**Work order:**
All of the data is to be printed exactly, though the images must be left off.
Start of Records for this exercise
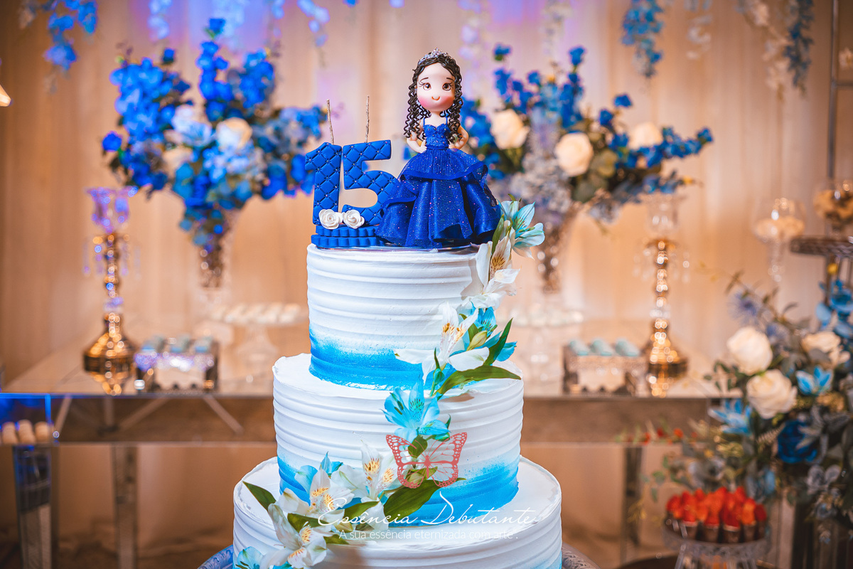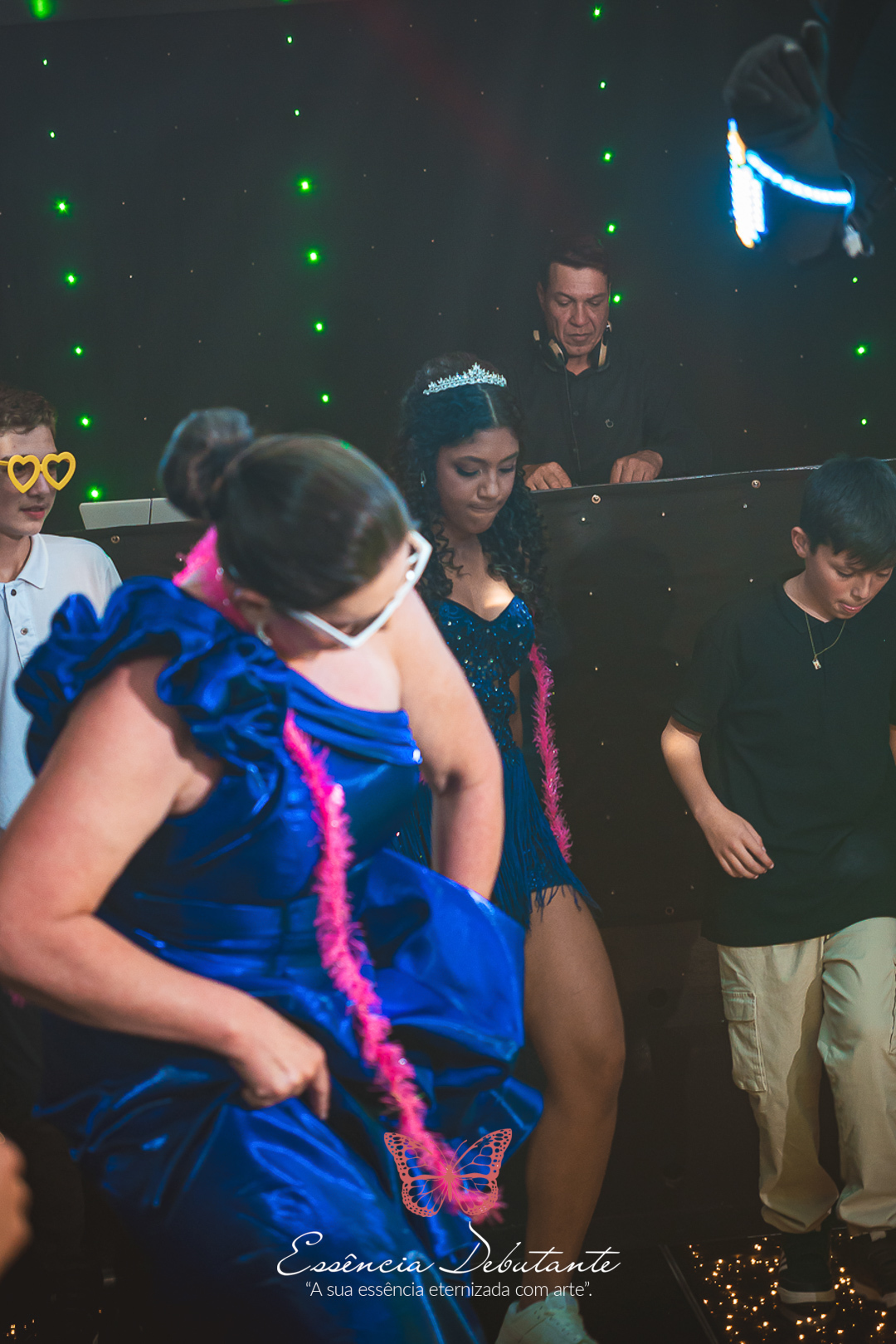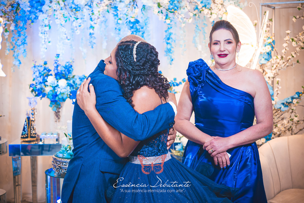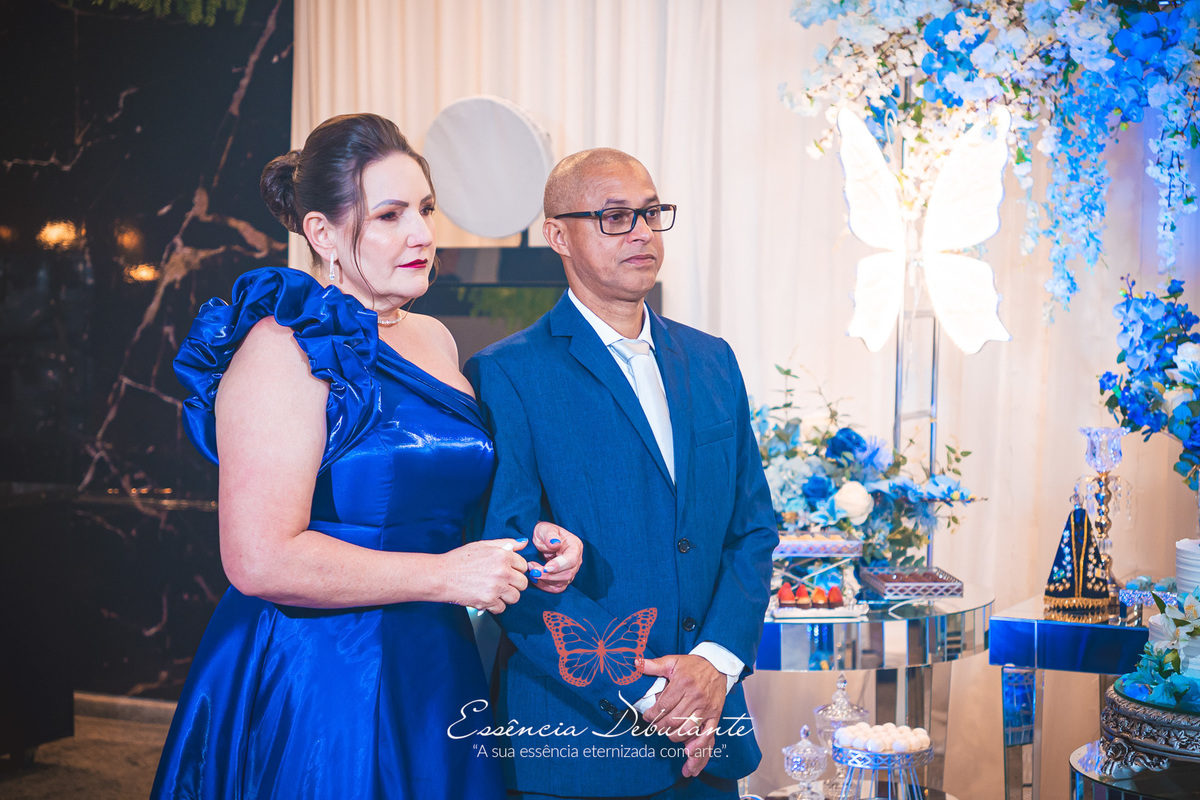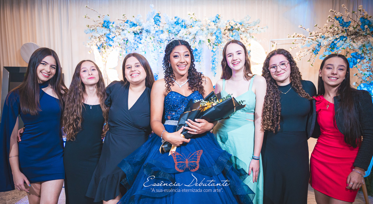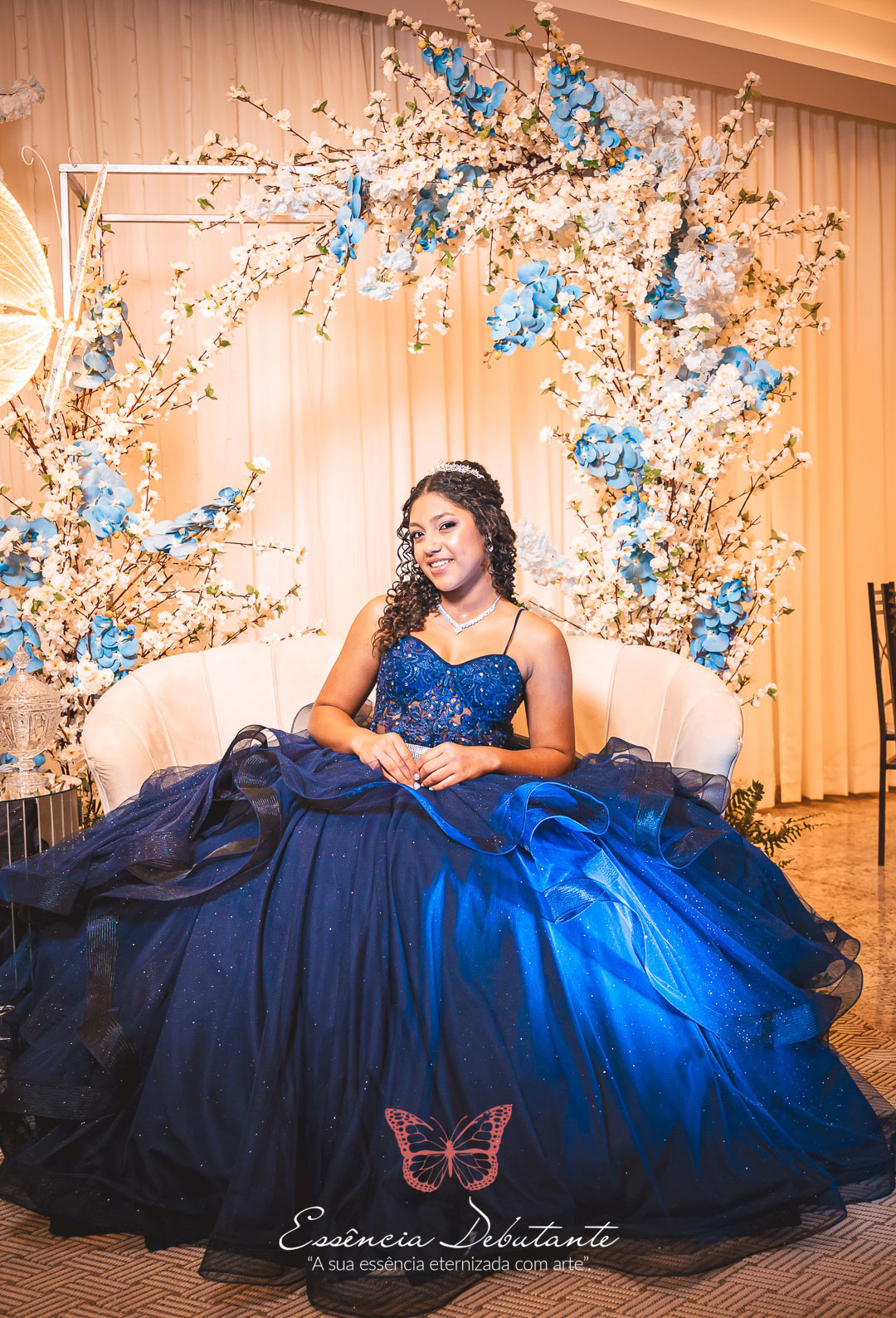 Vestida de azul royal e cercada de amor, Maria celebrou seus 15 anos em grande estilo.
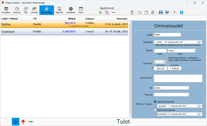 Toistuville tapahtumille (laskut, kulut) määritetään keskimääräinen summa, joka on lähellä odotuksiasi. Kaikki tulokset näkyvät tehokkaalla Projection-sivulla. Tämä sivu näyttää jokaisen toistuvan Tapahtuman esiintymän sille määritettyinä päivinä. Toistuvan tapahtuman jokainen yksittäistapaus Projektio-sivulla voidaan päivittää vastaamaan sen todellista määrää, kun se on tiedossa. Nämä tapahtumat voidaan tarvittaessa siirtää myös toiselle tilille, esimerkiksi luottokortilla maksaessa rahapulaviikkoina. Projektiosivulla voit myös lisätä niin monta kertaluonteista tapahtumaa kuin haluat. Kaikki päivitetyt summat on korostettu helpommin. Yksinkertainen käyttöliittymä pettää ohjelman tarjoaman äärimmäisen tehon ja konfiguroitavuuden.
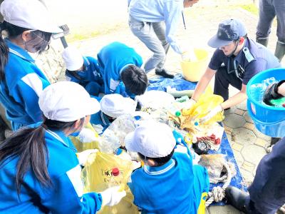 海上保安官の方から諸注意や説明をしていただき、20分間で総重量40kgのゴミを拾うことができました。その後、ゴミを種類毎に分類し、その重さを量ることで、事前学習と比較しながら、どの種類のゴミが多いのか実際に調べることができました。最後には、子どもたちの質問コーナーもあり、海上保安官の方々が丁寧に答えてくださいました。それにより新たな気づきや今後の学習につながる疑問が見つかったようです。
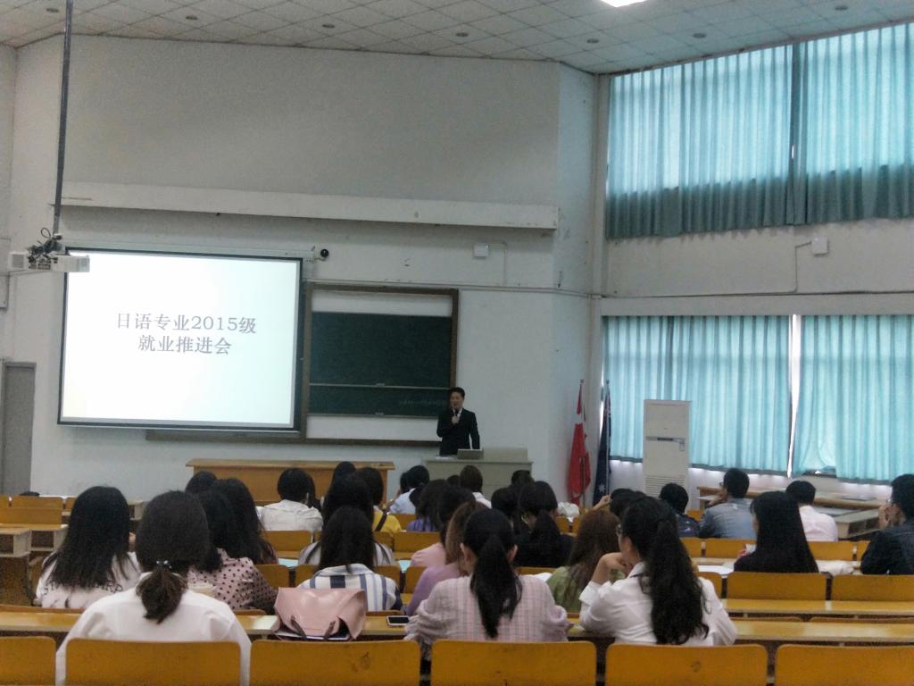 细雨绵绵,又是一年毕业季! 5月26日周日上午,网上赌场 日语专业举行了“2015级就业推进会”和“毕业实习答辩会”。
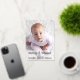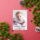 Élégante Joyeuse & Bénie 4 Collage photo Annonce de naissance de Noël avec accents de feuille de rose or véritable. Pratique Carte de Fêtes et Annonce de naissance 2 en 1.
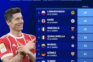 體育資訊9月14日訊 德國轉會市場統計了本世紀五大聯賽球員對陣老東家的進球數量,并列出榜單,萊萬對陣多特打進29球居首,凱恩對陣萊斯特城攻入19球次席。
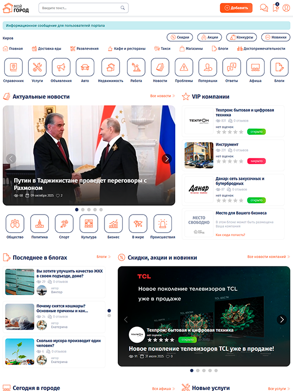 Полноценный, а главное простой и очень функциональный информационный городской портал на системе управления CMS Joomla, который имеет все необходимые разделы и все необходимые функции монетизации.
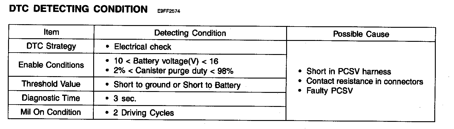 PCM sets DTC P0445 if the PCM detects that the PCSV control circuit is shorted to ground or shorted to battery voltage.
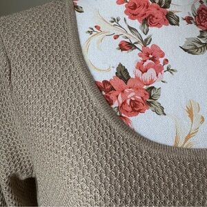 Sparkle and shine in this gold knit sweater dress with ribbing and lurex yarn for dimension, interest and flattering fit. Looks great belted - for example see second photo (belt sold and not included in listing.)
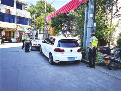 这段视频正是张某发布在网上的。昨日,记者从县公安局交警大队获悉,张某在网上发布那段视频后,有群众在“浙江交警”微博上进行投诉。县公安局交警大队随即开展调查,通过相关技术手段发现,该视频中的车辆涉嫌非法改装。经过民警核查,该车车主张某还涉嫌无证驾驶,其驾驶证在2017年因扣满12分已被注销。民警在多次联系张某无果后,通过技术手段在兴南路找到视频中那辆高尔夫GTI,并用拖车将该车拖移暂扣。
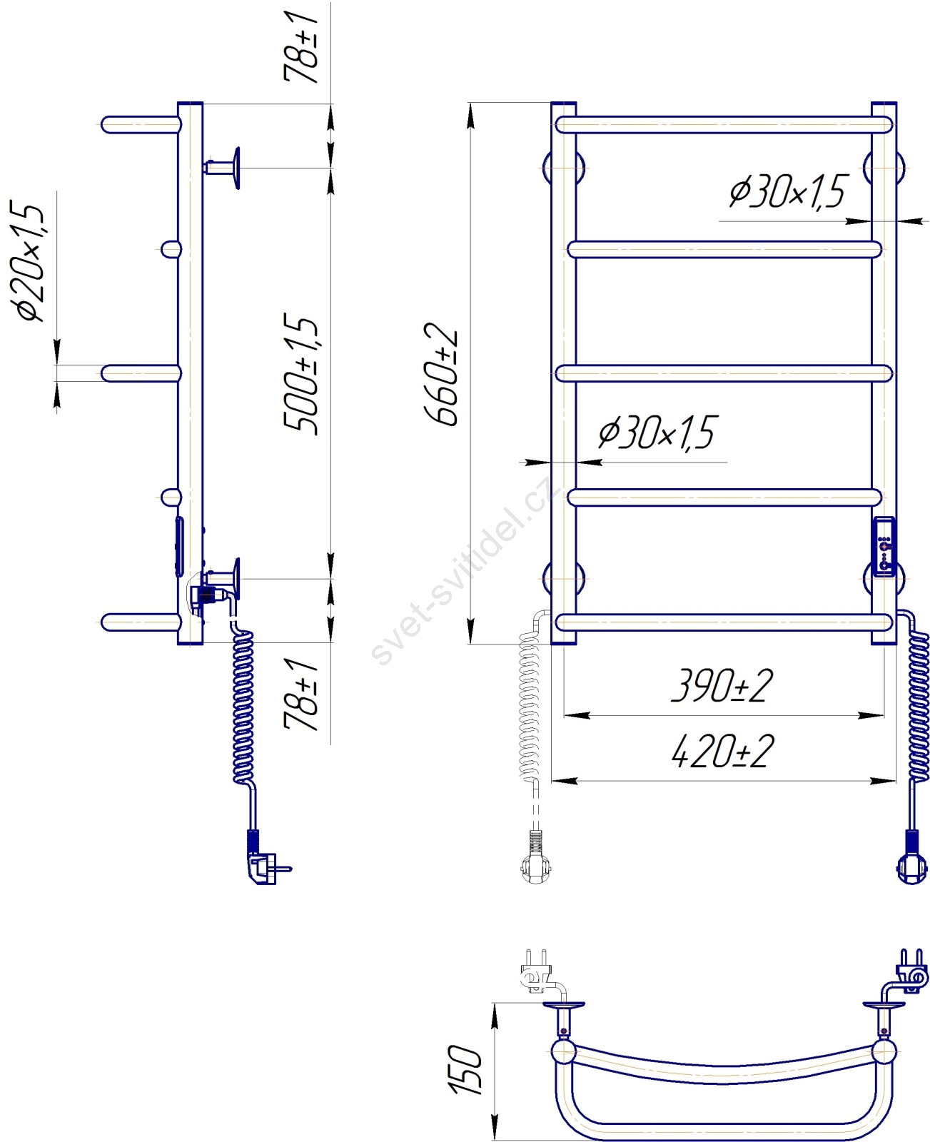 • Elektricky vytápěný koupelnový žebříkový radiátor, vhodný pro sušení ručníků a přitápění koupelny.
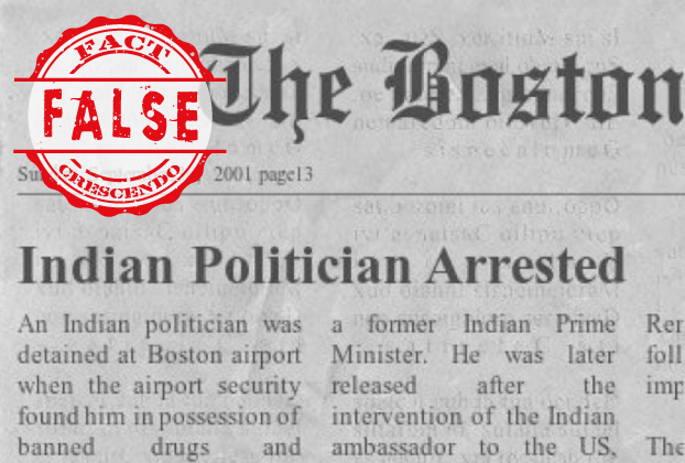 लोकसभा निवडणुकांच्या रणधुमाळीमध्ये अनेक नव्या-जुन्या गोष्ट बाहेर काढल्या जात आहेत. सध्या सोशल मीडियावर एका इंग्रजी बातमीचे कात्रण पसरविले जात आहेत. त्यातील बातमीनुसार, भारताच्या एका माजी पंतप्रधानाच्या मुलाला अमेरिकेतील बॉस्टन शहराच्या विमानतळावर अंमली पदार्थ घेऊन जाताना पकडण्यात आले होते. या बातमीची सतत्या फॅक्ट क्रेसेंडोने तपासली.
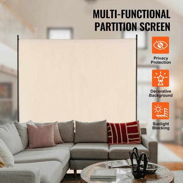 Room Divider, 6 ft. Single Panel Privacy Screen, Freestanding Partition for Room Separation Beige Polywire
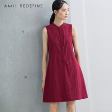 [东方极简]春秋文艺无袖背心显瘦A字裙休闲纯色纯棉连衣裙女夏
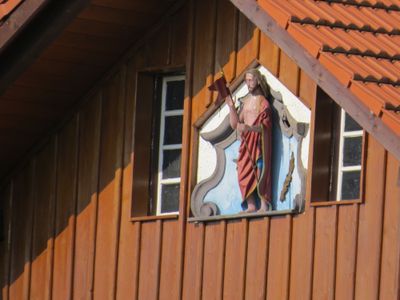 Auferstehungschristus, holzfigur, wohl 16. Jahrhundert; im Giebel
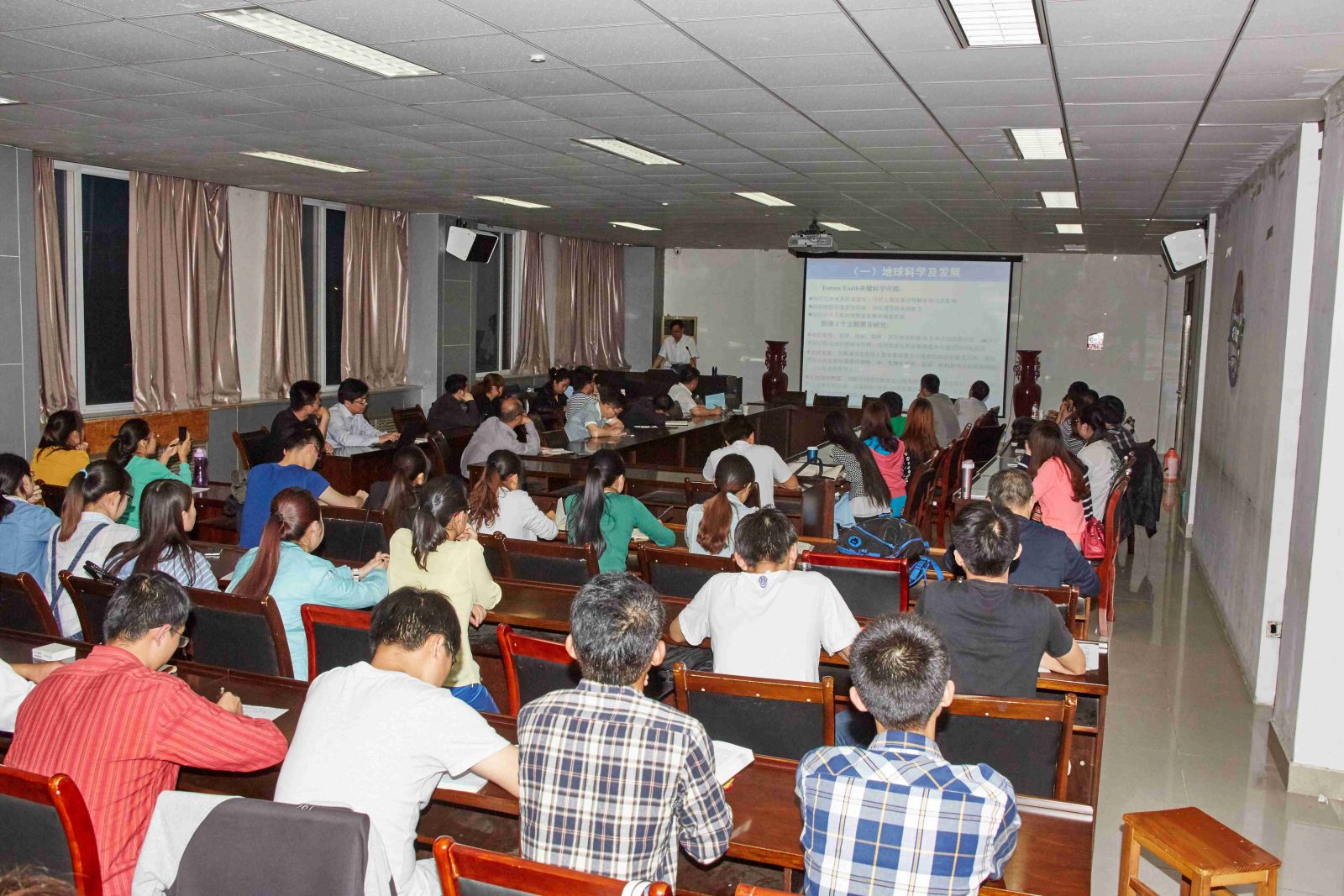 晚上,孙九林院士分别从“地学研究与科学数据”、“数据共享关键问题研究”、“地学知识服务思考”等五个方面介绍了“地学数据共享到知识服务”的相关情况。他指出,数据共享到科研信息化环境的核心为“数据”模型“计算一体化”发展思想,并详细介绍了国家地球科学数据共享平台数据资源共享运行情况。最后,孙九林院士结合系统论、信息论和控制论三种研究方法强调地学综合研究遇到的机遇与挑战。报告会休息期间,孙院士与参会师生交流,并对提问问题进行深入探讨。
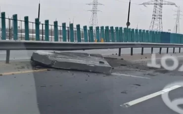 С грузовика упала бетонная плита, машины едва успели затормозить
End of Records for this exercise
**Response area:**
 Vestida de azul royal e cercada de amor, Maria celebrou seus 15 anos em grande estilo.
 Toistuville tapahtumille (laskut, kulut) määritetään keskimääräinen summa, joka on lähellä odotuksiasi. Kaikki tulokset näkyvät tehokkaalla Projection-sivulla. Tämä sivu näyttää jokaisen toistuvan Tapahtuman esiintymän sille määritettyinä päivinä. Toistuvan tapahtuman jokainen yksittäistapaus Projektio-sivulla voidaan päivittää vastaamaan sen todellista määrää, kun se on tiedossa. Nämä tapahtumat voidaan tarvittaessa siirtää myös toiselle tilille, esimerkiksi luottokortilla maksaessa rahapulaviikkoina. Projektiosivulla voit myös lisätä niin monta kertaluonteista tapahtumaa kuin haluat. Kaikki päivitetyt summat on korostettu helpommin. Yksinkertainen käyttöliittymä pettää ohjelman tarjoaman äärimmäisen tehon ja konfiguroitavuuden.
 海上保安官の方から諸注意や説明をしていただき、20分間で総重量40kgのゴミを拾うことができました。その後、ゴミを種類毎に分類し、その重さを量ることで、事前学習と比較しながら、どの種類のゴミが多いのか実際に調べることができました。最後には、子どもたちの質問コーナーもあり、海上保安官の方々が丁寧に答えてくださいました。それにより新たな気づきや今後の学習につながる疑問が見つかったようです。
 细雨绵绵,又是一年毕业季! 5月26日周日上午,网上赌场 日语专业举行了“2015级就业推进会”和“毕业实习答辩会”。
 Élégante Joyeuse & Bénie 4 Collage photo Annonce de naissance de Noël avec accents de feuille de rose or véritable. Pratique Carte de Fêtes et Annonce de naissance 2 en 1.
 體育資訊9月14日訊 德國轉會市場統計了本世紀五大聯賽球員對陣老東家的進球數量,并列出榜單,萊萬對陣多特打進29球居首,凱恩對陣萊斯特城攻入19球次席。
 Полноценный, а главное простой и очень функциональный информационный городской портал на системе управления CMS Joomla, который имеет все необходимые разделы и все необходимые функции монетизации.
 PCM sets DTC P0445 if the PCM detects that the PCSV control circuit is shorted to ground or shorted to battery voltage.
 Sparkle and shine in this gold knit sweater dress with ribbing and lurex yarn for dimension, interest and flattering fit. Looks great belted - for example see second photo (belt sold and not included in listing.)
 这段视频正是张某发布在网上的。昨日,记者从县公安局交警大队获悉,张某在网上发布那段视频后,有群众在“浙江交警”微博上进行投诉。县公安局交警大队随即开展调查,通过相关技术手段发现,该视频中的车辆涉嫌非法改装。经过民警核查,该车车主张某还涉嫌无证驾驶,其驾驶证在2017年因扣满12分已被注销。民警在多次联系张某无果后,通过技术手段在兴南路找到视频中那辆高尔夫GTI,并用拖车将该车拖移暂扣。
 • Elektricky vytápěný koupelnový žebříkový radiátor, vhodný pro sušení ručníků a přitápění koupelny.
 लोकसभा निवडणुकांच्या रणधुमाळीमध्ये अनेक नव्या-जुन्या गोष्ट बाहेर काढल्या जात आहेत. सध्या सोशल मीडियावर एका इंग्रजी बातमीचे कात्रण पसरविले जात आहेत. त्यातील बातमीनुसार, भारताच्या एका माजी पंतप्रधानाच्या मुलाला अमेरिकेतील बॉस्टन शहराच्या विमानतळावर अंमली पदार्थ घेऊन जाताना पकडण्यात आले होते. या बातमीची सतत्या फॅक्ट क्रेसेंडोने तपासली.
 Room Divider, 6 ft. Single Panel Privacy Screen, Freestanding Partition for Room Separation Beige Polywire
 [东方极简]春秋文艺无袖背心显瘦A字裙休闲纯色纯棉连衣裙女夏
 Auferstehungschristus, holzfigur, wohl 16. Jahrhundert; im Giebel
 晚上,孙九林院士分别从“地学研究与科学数据”、“数据共享关键问题研究”、“地学知识服务思考”等五个方面介绍了“地学数据共享到知识服务”的相关情况。他指出,数据共享到科研信息化环境的核心为“数据”模型“计算一体化”发展思想,并详细介绍了国家地球科学数据共享平台数据资源共享运行情况。最后,孙九林院士结合系统论、信息论和控制论三种研究方法强调地学综合研究遇到的机遇与挑战。报告会休息期间,孙院士与参会师生交流,并对提问问题进行深入探讨。
 С грузовика упала бетонная плита, машины едва успели затормозить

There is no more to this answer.